Week 8 — Post-Training: Instruction Tuning, RLHF, DPO, LoRA, Alignment
Overview
A pretrained LLM (Week 7) predicts plausible text, but it is not yet a helpful, harmless assistant — it will happily continue a prompt rather than answer it. Post-training is what closes that gap: instruction tuning teaches the model to follow instructions, and preference optimization (RLHF, DPO) aligns its outputs with human preferences. This week covers the post-training pipeline and the parameter-efficient methods (LoRA) that make fine-tuning feasible on modest hardware. You will instruction-tune a small model and implement a preference-optimization method.
Course 5’s optimization is the backbone — RLHF is policy-gradient reinforcement learning and DPO is a clever reformulation as a classification-style loss — and Course 1’s training/efficiency concerns (LoRA is a memory/compute win) apply directly. The new content is the objectives that turn a base model into an aligned assistant.
Readings
- J&M Ch. 9: post-training — instruction tuning, alignment (RLHF, DPO), and test-time compute. Extract: the three-stage pipeline (SFT → reward/preference → policy optimization).
- CS224N: instruction tuning, RLHF, DPO, LoRA. Extract: the DPO objective and LoRA’s low-rank decomposition.
- 6.S191: fine-tuning lab. (Policy gradients and preference objectives as optimization: Boyd review from Course 5.)
Key Concepts
Instruction tuning (SFT)
Supervised fine-tuning on (instruction, response) pairs teaches the base model the format of being an assistant — that a prompt is to be answered, not continued. It is ordinary next-token training (Week 1 objective) on curated data. SFT alone gets a long way; alignment refines it.
RLHF
Reinforcement Learning from Human Feedback: (1) collect human preference comparisons between model outputs, (2) train a reward model to predict the preferred output, (3) optimize the policy (the LLM) to maximize reward via PPO, with a KL penalty to stay near the SFT model (so it doesn’t degenerate). This is policy-gradient RL (Course 5 optimization) applied to text generation; the KL term is a Course 5 information-theory regularizer.
DPO
Direct Preference Optimization skips the explicit reward model and RL loop: it shows the preference objective can be rewritten as a simple classification-style loss directly on the policy, comparing log-probabilities of preferred vs dispreferred responses. It is far simpler and more stable than RLHF and now the common choice. Deriving DPO from the RLHF objective is the key theoretical exercise.

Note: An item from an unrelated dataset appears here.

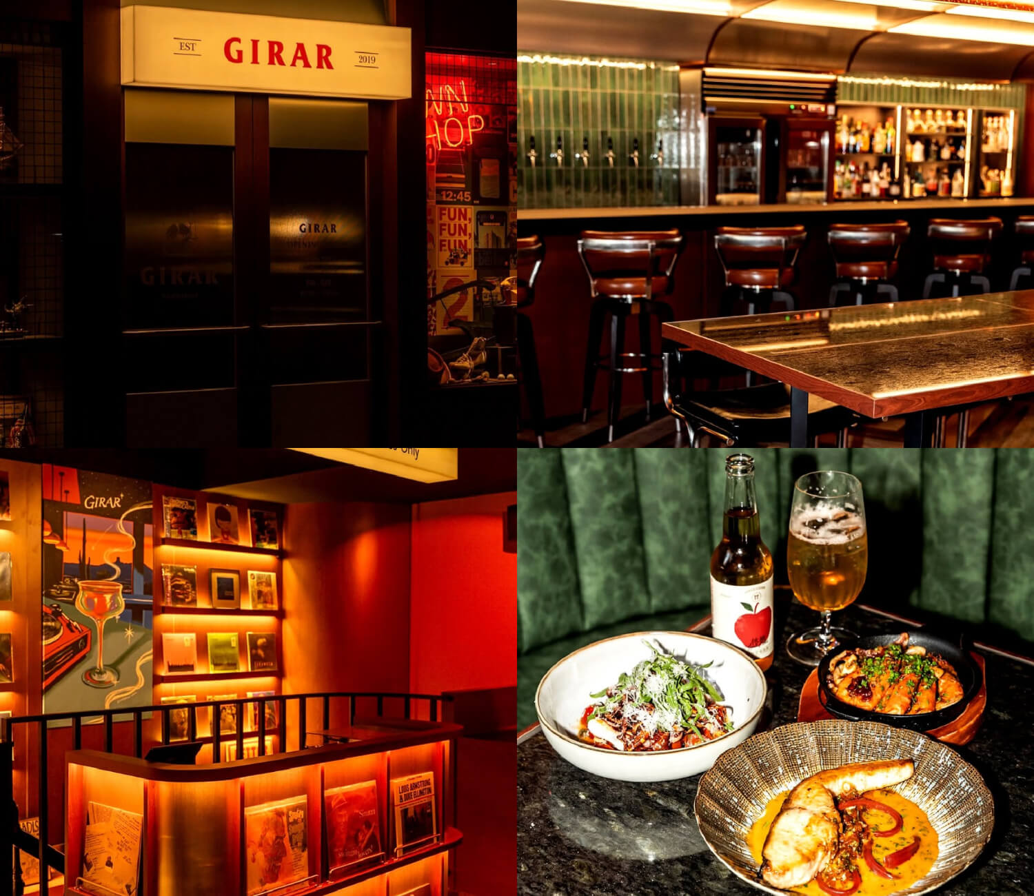 原本是禁酒令時期的文藝復興風,GIRAR bar全面改裝後,進化為摩登復古與包浩斯美學的新風貌,完成了一場風格華麗的蛻變。店內整體空間更加時髦現代,保留了 GIRAR 經典的靈魂元素Speakeasy的隱密氛圍、牆上的壁畫,以及經典菜色毒梟炸雞與古巴三明治。每週六安排駐場 DJ,同時帶來全新菜單,更多創意料理與調酒選項,嶄新樣貌的GIRAR,感覺更加有趣了。

LoRA and parameter-efficient fine-tuning
Full fine-tuning updates all weights — expensive. LoRA freezes the base weights and learns a low-rank update \(\Delta W = BA\) (rank \(r \ll d\)) per layer, training a tiny fraction of parameters with a fraction of the memory, and merging or swapping adapters at inference. This is a direct application of low-rank approximation (Course 5 linear algebra) and a Course 1-style efficiency win that makes fine-tuning possible on a single GPU.
Alignment and safety
Alignment aims for helpful, harmless, honest behavior; evaluation includes refusal of harmful requests, calibration, and red-teaming. Acknowledge the limits — alignment is partial and gameable — as part of responsible engineering.
Theory Exercises
- Explain the SFT → reward-model → policy-optimization pipeline and what each stage contributes.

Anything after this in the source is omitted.